GOYEN, JAN JOSEPHS(ZOON) VAN


Meaning of GOYEN, JAN JOSEPHS(ZOON) VAN in English

born Jan. 13, 1596, Leiden, Neth. died April 27, 1656, The Hague Goyen also spelled Goijen painter and etcher, one of the most gifted landscapists in the Netherlands during the early 17th century. He learned painting under several masters at Leiden and Haarlem and settled at The Hague about 1631. To support his family he worked as an auctioneer and appraiser of art. Many of his earlier pictures, from 1620 to c. 1630, show the influence of Esaias van der Velde, his teacher in 1616. These landscapes are highly detailed, have strong local colour, and often serve as a stage for genre scenes.

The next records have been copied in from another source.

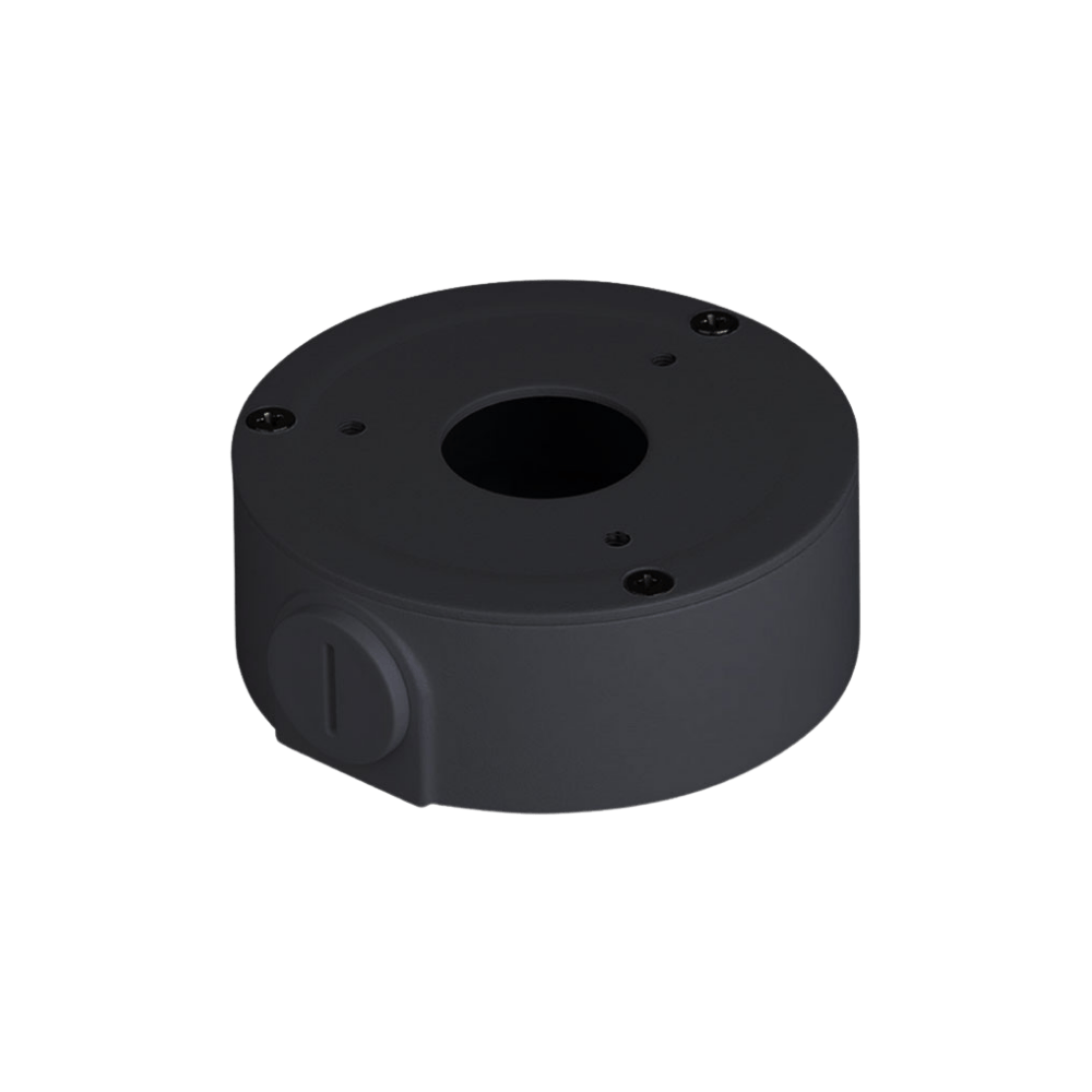 Base de instalación robusta y compacta, fabricada en aluminio y acero SECC de alta resistencia, diseñada para aplicaciones de videovigilancia o dispositivos de montaje con rosca estándar M20 (G1/2"). Con capacidad de carga de hasta 1 kg, esta base es ideal para entornos exigentes gracias a su tolerancia a temperaturas de -40°C a +60°C y humedad relativa de hasta el 90%. Su acabado en color negro y dimensiones de Ø90 x 35 mm la hacen discreta y funcional para instalaciones profesionales. Peso: 260 g.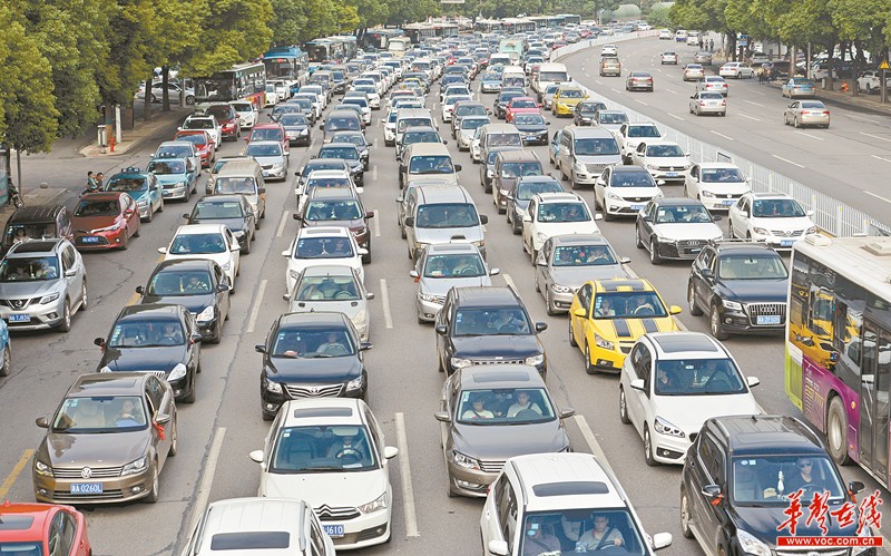 10月8日下午3时许,长沙市开福区三一大道由东往西方向,车辆排起了长队。当天是国庆、中秋假期最后一天,外出探亲、访友和旅游的人们纷纷返程,城区不少道路出现了车辆拥堵现象。 湖南日报记者 李健 摄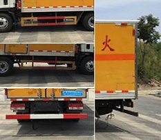 | 其他 | 该车适用于运输危险品。厢体顶部封闭,不可开启,选装右侧箱体不开门,选装侧门型式及位置,随底盘选装驾驶室。选装厢体内部结构。仅采用底盘子午线轮胎和带ABS的底盘,该车前轮安装盘式制动器,前置排气管,装配限速装置,限速80km/h。安装带有卫星定位功能的行驶记录仪。安全装置为导静电带,用于防止静电。该车主要用于运输独立容器包装的介质:粘合剂,涂料,料溶液,油漆,机油,废机油,苯,甲醇,乙醇,丙酮,甲苯,二甲苯,类项号:3。侧防护和后防护装置材料材质为Q23碳钢,侧防护与箱体底部焊接连接,后防护装置与车架采用焊接连接。后防护截面尺寸(mm):100×50,离地高度为440mm。仅采用发动机型号4B2-115C50对应油耗值分别为油耗 (L/100km):12.61。ABS系统控制器型号是CM4XL-4S/4M,ABS系统控制器生产企业是广州科密汽车电子控制技术股份有限公司。 | ||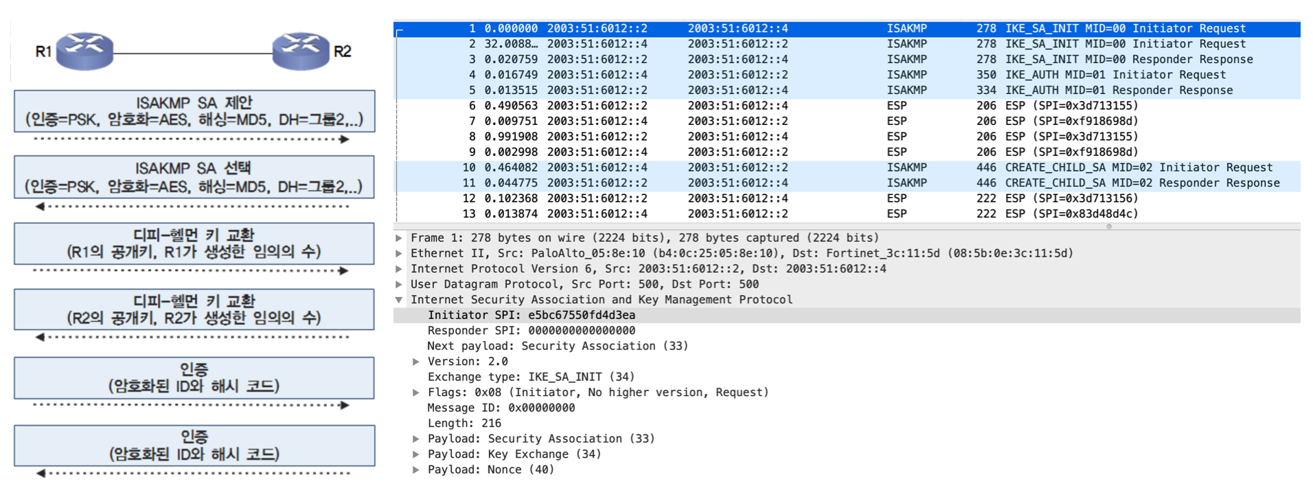 - IKE (Internet Key Exchange)와 ISAKMP (Internet Security Association and Key Management Protocol) : 통신 당사자를 인증하고, 보안 통신에 필요한 보안 정책 집합인 SA를 결정하며, 보안 통신에 필요한 여러가지 키를 결정하기 위한 프로토콜이다.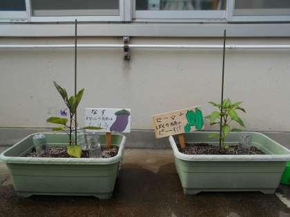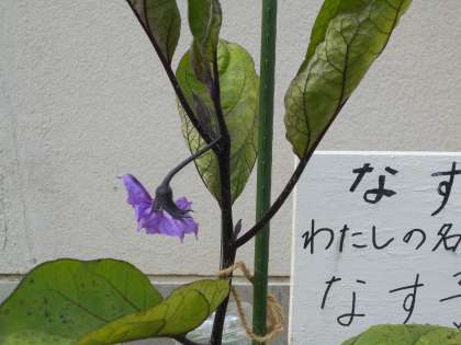 4組が栽培しているナスの『なす子』と『ピーすけ』の花が咲きました。ゴールデンウィーク前に植えた小さな苗がすくすく育って,初めて花を咲かせました。もっともっと多きく育って実を実らせるのが待ち遠しいです。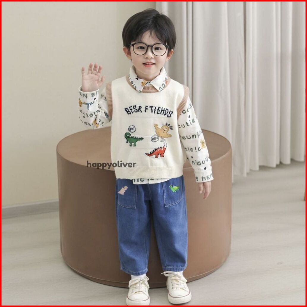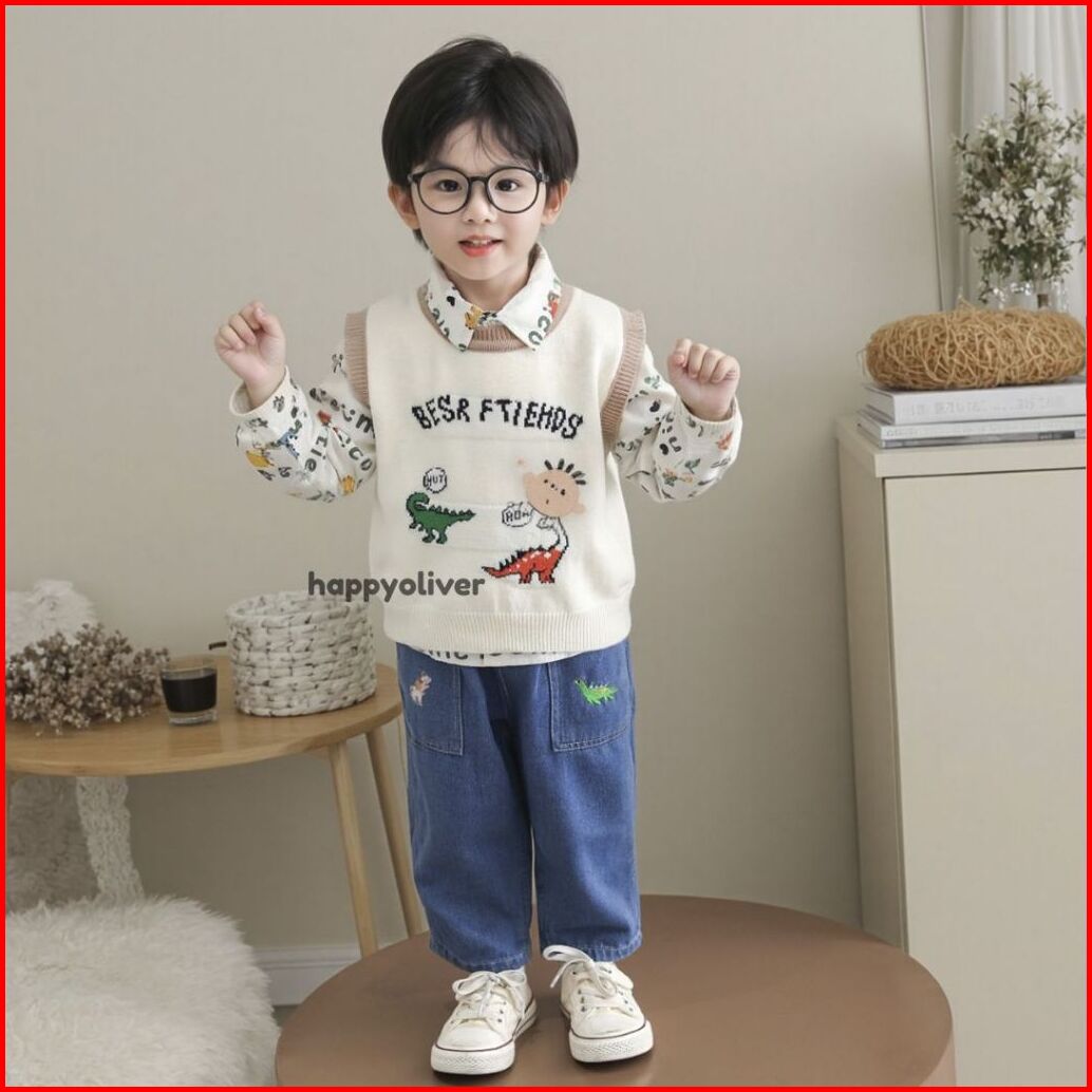 Promo 1.1 Happyoliver Set De Dinosaurus Ebv Setelan 3in1 Kemeja Bayi Anak Laki-laki Lengan Panjang Berkualitas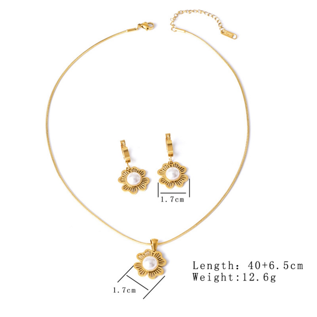 - Material:Synthetic Pearl,18K Gold-Plated,Stainless Steel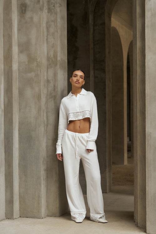 PALM EMBROIDERED WIDE LEG TROUSERS - OFF WHITE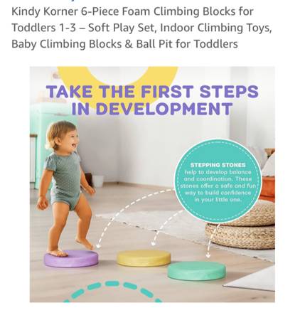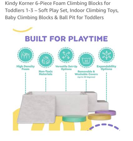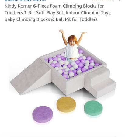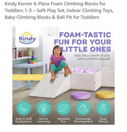 New in sealed package6 pieces. soft climbing blocks and ball pit.Great for ages one through three. Safeway for your child to have fun. Balls sold separately.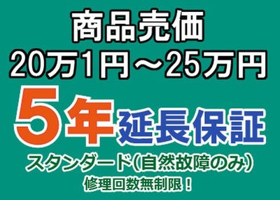 売価20万1円~25万円(税込)までの家庭用電気製品5年延長保証申込のレビューを書く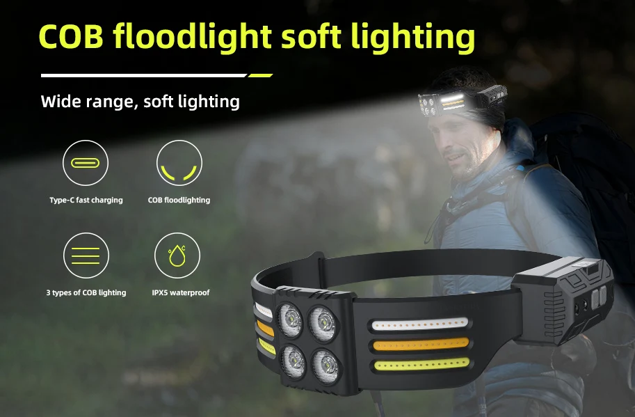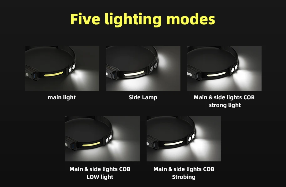 Lighting mode: main light + COB light - main light - COB white light - yellow light - red light - red light flash - SOS (press the switch for 2 seconds)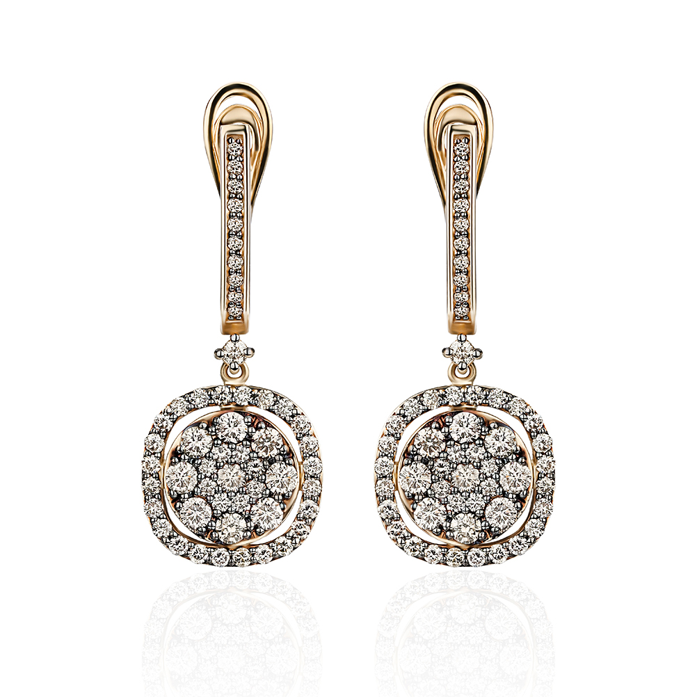 Серьги с коньячными бриллиантами из золота 585 пробы арт. E2515-2002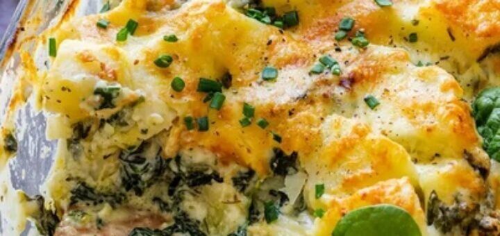 Запеченный картофель со шпинатом – это просто, вкусно и полезно. Пошаговый рецепт с фото.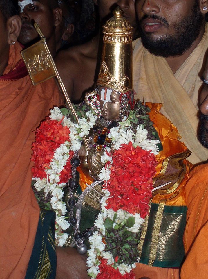 https://www.youtube.com/watchv=NtXbiYGBi08&index=31&list=PL28444E81CFBBC177Adiyen was keen to join the procession amongst many many senior devotees and the excitement in following Azhwar . Un mindful adiyen took a shower near a bore well and quickly changed my clothes and applying Urdhvapundram ran behind the crowd to be as close to Azhwar and the devoted priests . It was totally dark with few street lights which were going ON and Off and sad that there were no proper roads. Unmindful of the thorns and stones, all the bhagavathas were literally running behind the Azhwar as some one is waiting for us .
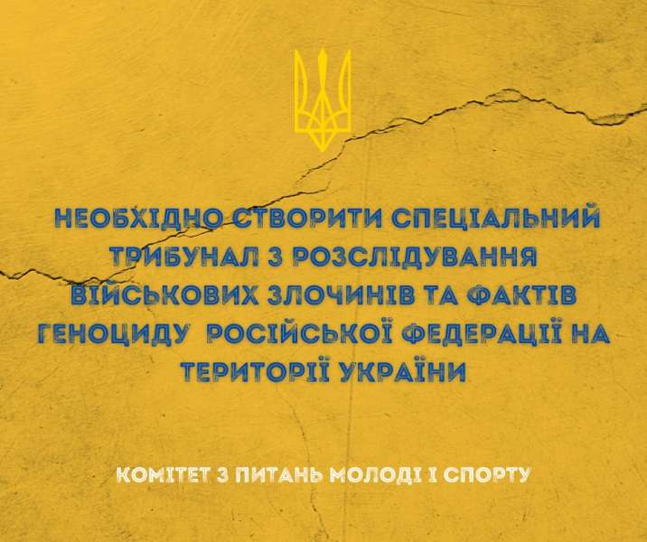Тому Комітет Верховної Ради України з питань молоді і спорту вважає за необхідне створення принципового нового органу - Спеціального трибуналу з розслідування військових злочинів та актів геноциду російської федерації під час агресії проти українського народу. Саме цей орган має вкрай швидко зібрати факти, що підтверджують військові злочини та факти геноциду на території та забезпечити швидке притягнення винних до відповідальності. Комітет з питань молоді і спорту вважає, що вже в червні мають пройти перші засідання Спеціального трибуналу, можливо з використанням заочного правосуддя та винесені перші вироки.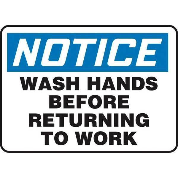Notice Sign, Sign Subject Matter Wash Hands, Height 7 In., Width 10 In., Sign Material Plastic, Sign Mounting Style With Mounting Holes, Header Notice, Legend Wash Hands Before Returning To Work, Printed Language English, Sign Shape Rectangle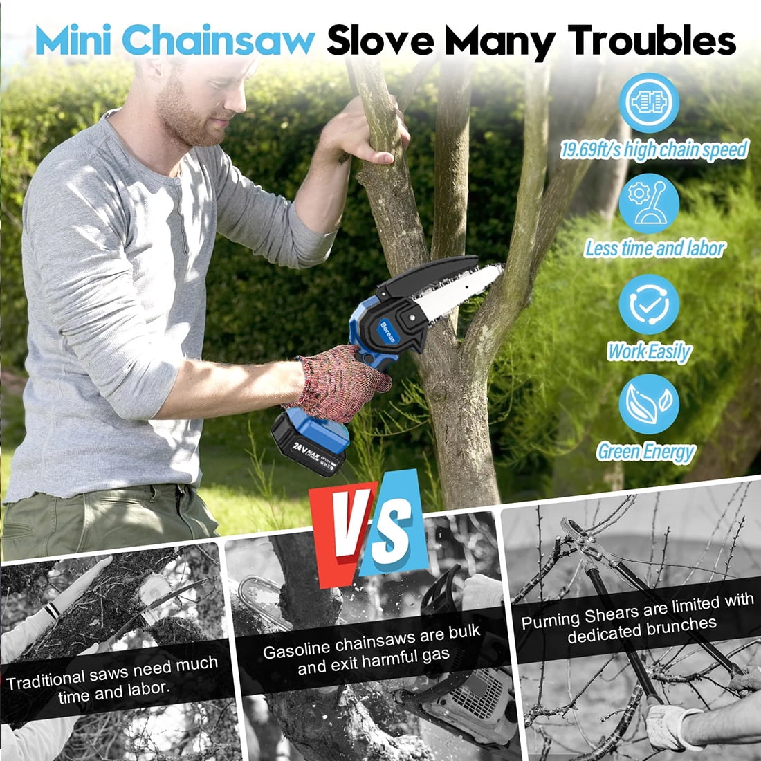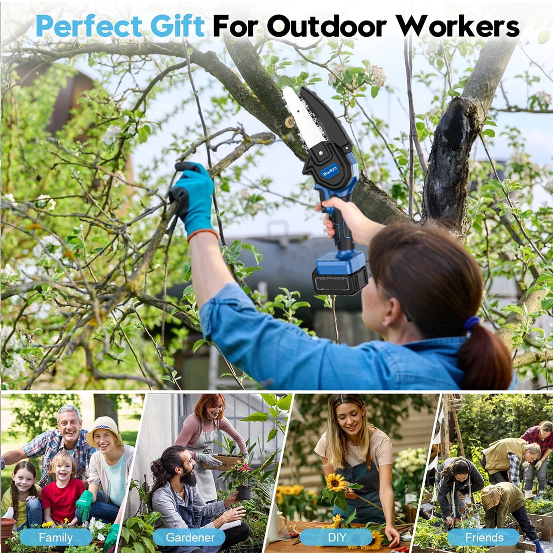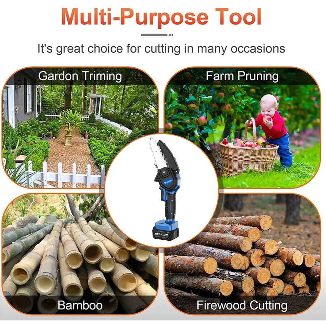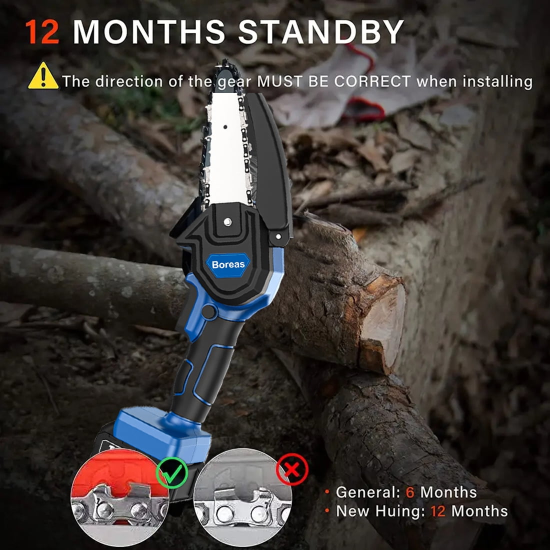 Boreas Mini Chainsaw Cordless, 6 inch Mini Chain Saw Cordless Battery Powered,Handheld Chain Saw Portable Electric Chainsaw with 2 Rechargeable for Tree Trimming Branch Wood Cutting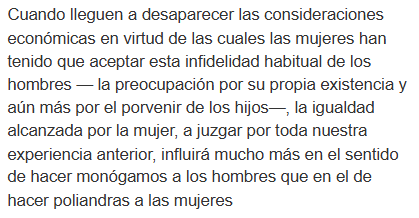 Una vez desaparecidas las consideraciones económicas y de cuidados que "atan" a la mujer, la monogamia -el amor sexual exclusivo y recíproco- podría darse de forma verdaderamente libre.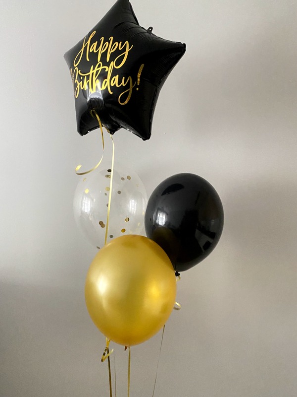 Zestaw składa się z balonu foliowego w kształcie gwiazdy w kolorze czarnym na, którym znajduje się napis Happy Birthday. Pod nim umieszczony jest przezroczysty balon z konfetti w kolorze złotym i balony gumowe złoty i czarny.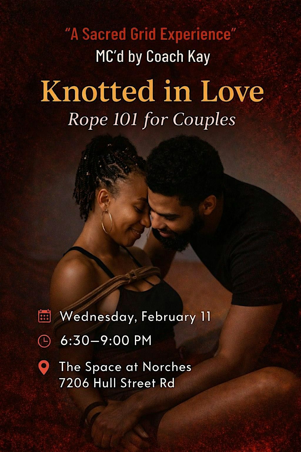Knotted in Love is a guided, beginner-friendly rope experience for couples curious about deepening connection through intentional touch, clear communication, and embodied presence.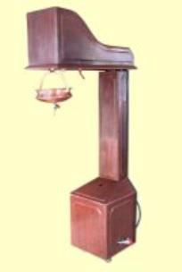 This filters used oil, warms it to constant temp. and pumps it to the oscillating vessel positioned over the patient's head silently. The swinging width can be adjusted.

His characteristic style developed from the 1620s, when his compositions became simplified and his technique broadened. A use of low horizons gave his landscapes a Baroque sense of spatial expansiveness. His concern with rendering natural light and the depiction of subtle atmospheric effects, however, are the principal identifying features of van Goyen's tonal landscapes. Though he visited France once or twice, van Goyen chiefly confined himself to the scenery of Holland. Mostly painted in oil on wood panels, his landscapes are largely preoccupied in capturing the muted moods of sky and water. He often represented the reaches of the Rhine, Waal, and Maas rivers and sometimes painted the dunes of Scheveningen or the sea at the mouth of the Rhine and Schelde. He liked to depict the tranquillity of river life and inshore calm, rarely painting seas stirred by more than a slight breeze. Van Goyen also excelled in panoramas of Dutch cities, favouring views of Leiden and The Hague-e.g., "View of Leiden" (1643; Alte Pinakothek, Munich)-and in the depiction of Lowlands winter scenes-"Winter Landscape" (1650; Berlin). A prolific draftsman, he also executed a substantial number of landscape etchings.